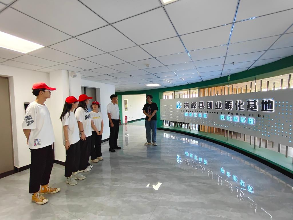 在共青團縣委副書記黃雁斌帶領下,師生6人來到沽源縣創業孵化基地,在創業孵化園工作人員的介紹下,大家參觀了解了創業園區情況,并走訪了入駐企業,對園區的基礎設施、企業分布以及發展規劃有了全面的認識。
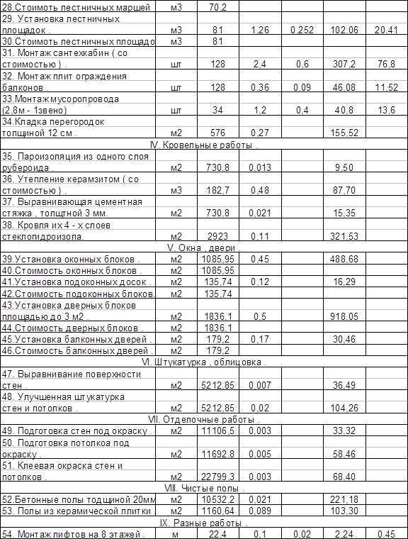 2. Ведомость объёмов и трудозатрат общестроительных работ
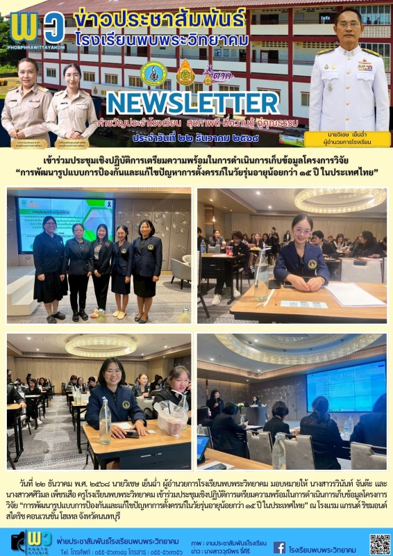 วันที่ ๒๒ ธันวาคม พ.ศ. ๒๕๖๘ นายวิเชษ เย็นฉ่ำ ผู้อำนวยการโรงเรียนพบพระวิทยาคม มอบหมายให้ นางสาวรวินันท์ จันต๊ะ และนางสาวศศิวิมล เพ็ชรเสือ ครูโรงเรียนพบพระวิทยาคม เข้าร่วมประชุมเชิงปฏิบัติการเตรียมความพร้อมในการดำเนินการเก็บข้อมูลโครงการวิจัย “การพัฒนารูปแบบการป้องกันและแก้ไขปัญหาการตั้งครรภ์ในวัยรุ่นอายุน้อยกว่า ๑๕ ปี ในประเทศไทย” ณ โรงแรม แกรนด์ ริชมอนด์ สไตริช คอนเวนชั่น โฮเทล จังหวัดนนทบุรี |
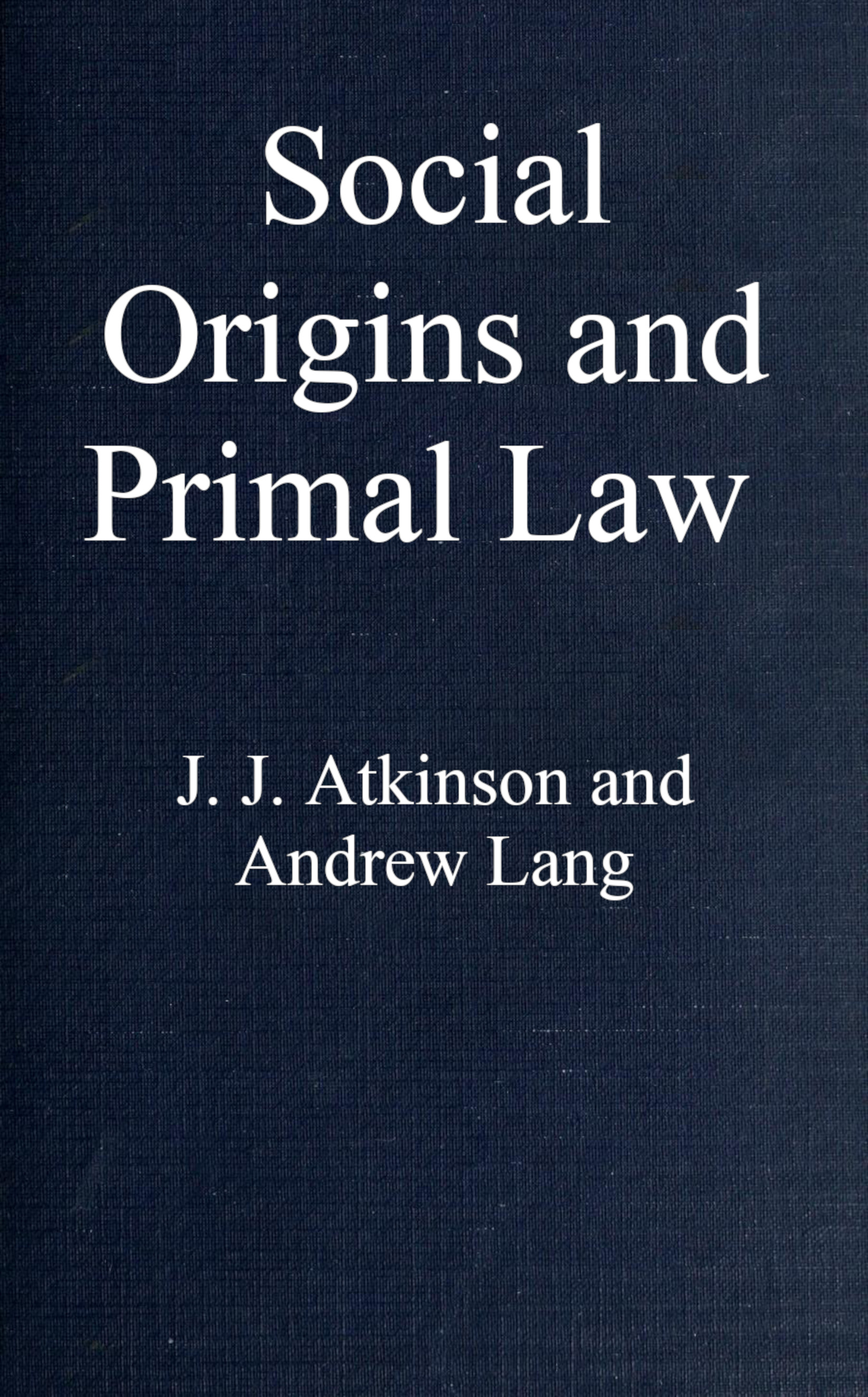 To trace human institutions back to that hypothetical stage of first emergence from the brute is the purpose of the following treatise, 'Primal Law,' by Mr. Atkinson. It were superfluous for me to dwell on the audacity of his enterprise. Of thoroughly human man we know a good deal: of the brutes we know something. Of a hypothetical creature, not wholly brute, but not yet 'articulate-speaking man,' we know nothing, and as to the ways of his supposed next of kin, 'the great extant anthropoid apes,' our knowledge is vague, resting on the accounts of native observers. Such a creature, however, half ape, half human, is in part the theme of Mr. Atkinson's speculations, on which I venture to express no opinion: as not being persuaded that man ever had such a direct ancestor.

==

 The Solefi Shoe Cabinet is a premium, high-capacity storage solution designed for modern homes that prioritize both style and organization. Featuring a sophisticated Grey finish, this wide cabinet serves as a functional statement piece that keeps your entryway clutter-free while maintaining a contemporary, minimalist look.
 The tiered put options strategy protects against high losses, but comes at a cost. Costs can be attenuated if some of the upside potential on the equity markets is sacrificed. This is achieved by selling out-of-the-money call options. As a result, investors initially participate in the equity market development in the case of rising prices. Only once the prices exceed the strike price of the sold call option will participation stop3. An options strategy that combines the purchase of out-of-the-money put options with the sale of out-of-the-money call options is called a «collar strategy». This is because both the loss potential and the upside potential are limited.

==

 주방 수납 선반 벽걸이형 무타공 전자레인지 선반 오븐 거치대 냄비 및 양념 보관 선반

WHAT YOU WILL DO:
Once the line with "在共青團縣委副書記黃雁斌帶領" is found above, transcribe each line from it through the line with "วันที่ ๒๒ ธันวาคม", exactly, and omit the pictures.

EXERCISE SOLUTION:
 在共青團縣委副書記黃雁斌帶領下,師生6人來到沽源縣創業孵化基地,在創業孵化園工作人員的介紹下,大家參觀了解了創業園區情況,并走訪了入駐企業,對園區的基礎設施、企業分布以及發展規劃有了全面的認識。
 2. Ведомость объёмов и трудозатрат общестроительных работ
 วันที่ ๒๒ ธันวาคม พ.ศ. ๒๕๖๘ นายวิเชษ เย็นฉ่ำ ผู้อำนวยการโรงเรียนพบพระวิทยาคม มอบหมายให้ นางสาวรวินันท์ จันต๊ะ และนางสาวศศิวิมล เพ็ชรเสือ ครูโรงเรียนพบพระวิทยาคม เข้าร่วมประชุมเชิงปฏิบัติการเตรียมความพร้อมในการดำเนินการเก็บข้อมูลโครงการวิจัย “การพัฒนารูปแบบการป้องกันและแก้ไขปัญหาการตั้งครรภ์ในวัยรุ่นอายุน้อยกว่า ๑๕ ปี ในประเทศไทย” ณ โรงแรม แกรนด์ ริชมอนด์ สไตริช คอนเวนชั่น โฮเทล จังหวัดนนทบุรี |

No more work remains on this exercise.